Miscellaneous cytokines

Several other cytokines have been used in glioma studies. For example, recent studies have incorporated the Flt3L ligand, which can expand dendritic cells and enhance immunogenicity and can promote tumor death when given with other immunotherapies. Further studies on this novel cytokine demonstrate that Flt3L has distinct effects on dendritic cell development, suggesting an important role for Flt3L in generating dendritic cells that have tolerogenic effects on T-cells.

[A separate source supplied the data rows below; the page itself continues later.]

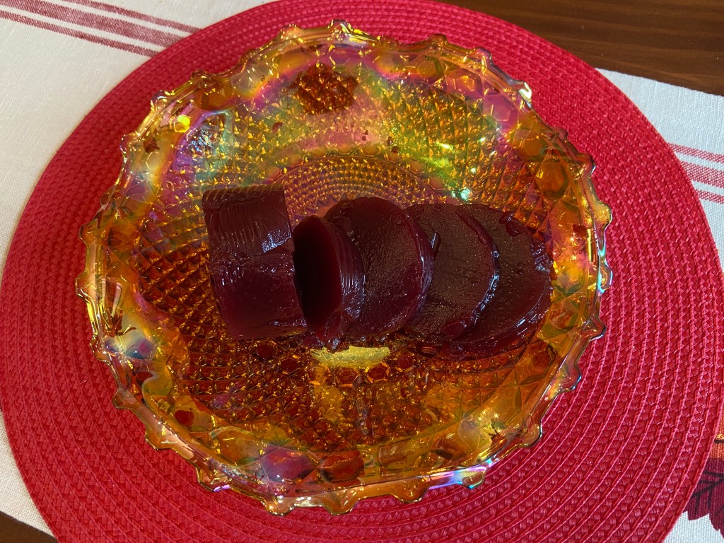 Her cranberry, however, she slid straight out of the can, plopped on a plate, and sliced at the last minute. That jellied, ridged cranberry is one of the two dishes of her Thanksgiving dinner where I think I’ve raised the bar.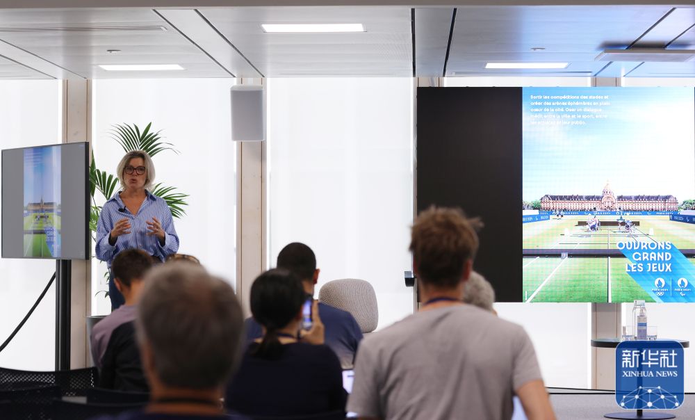 7月25日,带有2024年巴黎奥运会和残奥会口号的海报在发布会现场屏幕上展示。
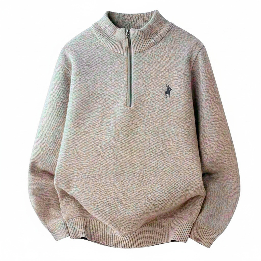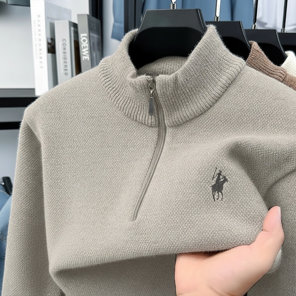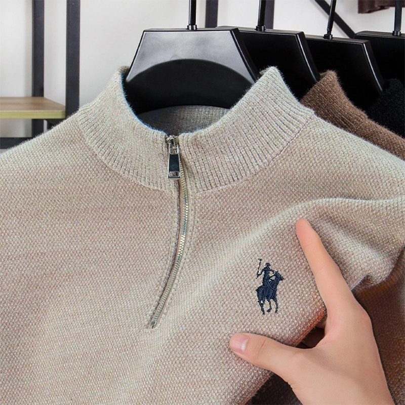 X-Gent Sweater Rajut Pria Half Zipper Tebal Leher Tinggi dengan Bordir Kuda – Ukuran M–3XL

IL-21 also has received relatively recent interest. IL-21 has potent regulatory effects on cells of the immune system, including natural killer cells and cytotoxic T-cells that can destroy virally infected or cancerous cells. Preclinical studies have focused on gene-modified cell delivery and generally in tandem with other cytokines. Interestingly, researchers discovered that IL-21 is produced by Hodgkin’s lymphoma (HL) cells (which was surprising, because IL-21 was thought until then to be produced only by T-cells). This discovery may explain a great deal of the behavior of classical HL, including clusters of other immune cells gathered around HL cells in cultures. Targeting IL-21 may be a potential treatment or possibly a test for the disease.

IFN

INFs are glycoproteins, which are cell-signaling molecules produced by the cells of the immune system in response to challenges such as viruses and tumor cells. IFNs assist the immune response by inhibiting viral replication within host cells, activating natural killer cells and macrophages, increasing antigen presentation to lymphocytes, and inducing the resistance of host cells to viral infection. Early preclinical studies with IFN-α and IFN-β showed promise, but these clinical studies suffered from poor design and lack of strict patient eligibility and selection. Imaging analysis and tumor grading also made it difficult to appropriately assess efficacy.